The bombing of Pearl Harbor on December 7, 1942, resulted in unbelievable injuries to American soldiers and civilians. The only neurosurgeon in the Hawaiian Islands was a young Army Lieutenant named Ralph B Cloward (1908-2000). Dr. Cloward operated on the wounded for 4 straight days without sleep, saving countless lives. For the next 5 weeks, Dr. Cloward traveled from hospital to hospital, performing life-saving surgeries from early morning to late at night. Throughout his career, Dr. Cloward pioneered numerous diagnostic and spinal surgical techniques.

In December 1959, Dr. Cloward published in the journal Annals of Surgery an article titled:

Cervical Diskography

In this article, Dr. Cloward clearly notes that spinal cord compression by a midline cervical disc protrusion can cause pain extending down to the feet (see picture). He writes that a “small midline protrusion [of a cervical disc] often causes no pain or mild discomfort in the back of the neck.” Yet irritation of the long sensory pathways of the spinal cord, as originally described by L’Hermitte, can illicit pain in the coccyx or down the spine, into the lower extremities, and to the toes.

Spinal cord compression

In 1964, physician FW Gorham published an article in the journal California Medicine titled:

Cervical Disc Injury
Symptoms and Conservative Treatment

Dr. Gorham writes:

“Primary traumatic cervical disc disease and chronic disc disease associated with spondylitis aggravated by injury causes referred pain to the head, face, neck, arms, shoulders and chest, and even in the lower back.

Such pain may be reproduced by the injection of contrast medium for cervical discography.”

“Backache and coccygeal pain occur and may be related to dural irritation.”

Although Dr. Gorham’s paper is well referenced, he infuses significant observations from his clinical practice in Santa Ana, California.

In May of 1967, physicians Thomas Langfitt and Frank Elliott published an article in the Journal of The American Medical Association, titled:

Pain in the Back and Legs Caused by Cervical Spinal Cord Compression

Drs. Langfitt and Elliott were from the Department of Neurosurgery at the Pennsylvania Hospital and from the University of Pennsylvania School of Medicine. Their article is both a literature review and the presentation of three demonstrative case studies. These authors write:

“Cervical spinal cord compression by tumor or degenerated disk material can cause low back and leg pains which simulate the lumbar disk syndrome.”
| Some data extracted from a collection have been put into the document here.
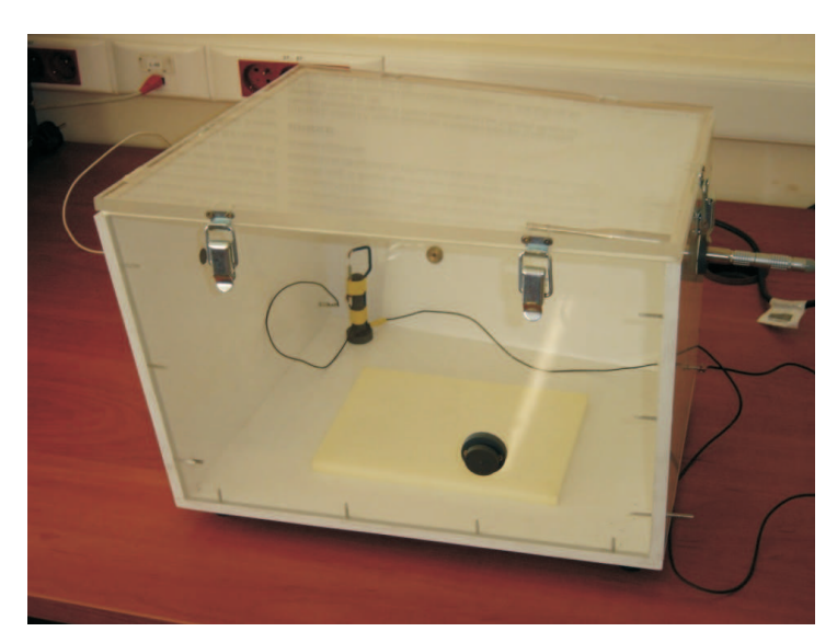
Fig. 1. The chamber for measuring of the sound absorption coefficient in ultrasonic frequency range.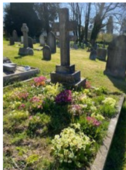
Springtime in the Churchyard

We are very pleased to announce that services have resumed at the CHAPEL OF THE GOOD SHEPHERD in FIVE ASHES . These will be held at 12 noon on the 2nd and 4th Sundays of each month.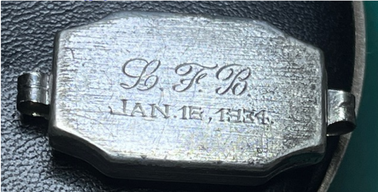
4) IMG_5076.jpeg , downloaded 1598 times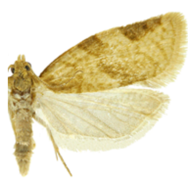
Fig. 19: Clepsipis virescens .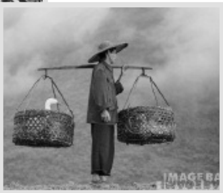
Upper left: Market, Shanghai

This morning, the ship sets a course for Yichang. Cruise through the spectacular Three Gorges region.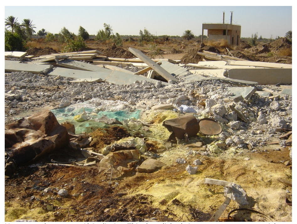
Heavy metals waste at Al Qadissiya. This demolished site represents a severe risk to human health, due to the cyanide contained in hazardous waste, 2003, UNEP.

“The pain caused by [cervical] cord compression tends to be diffuse, involves both legs, and is burning or aching in quality.”

“The results of neurologic examination may be normal at a time when [cervical] cord compression is sufficient to produce severe pain.”

“The mechanical signs of lumbar disk herniation, limitation in back mobility, and a positive reaction to the straight leg raising test are absent with [cervical] cord compression.”

“The most common causes of spinal cord compression are degeneration of intervertebral disks with herniation of the nucleus pulposus into the spinal canal or the formation of osteofibrous ridges at the junction of the disk and the vertebral body. This later conditions is termed spondylosis.”

“The earliest symptoms [of cervical spinal cord compression secondary to spondylosis] may be sensory, in the form of numbness or paresthesia of the legs, or weakness of the legs due to involvement of the corticospinal tracts.”

Importantly, these author note that the lower extremity symptoms can be unilateral or bilateral, that the patients often have no neurological signs of spinal cord involvement, and there may be no cervical or upper extremity symptoms.

In October 1973, physicians Herbert Lourie and colleagues publish an article in the Journal of the American Medical Association, titled:

The Syndrome of Central Cervical Soft Disk Herniation

Dr. Lourie and colleagues are from the Department of Neurosurgery, State University of New York, Upstate Medical Center in Syracuse, New York. In this article, these physicians present six case studies. These authors note that in cervical myelopathy:

“The common initial complaints are those of an unsteady gait and of a subjective feeling of numbness in the trunk and lower extremities.”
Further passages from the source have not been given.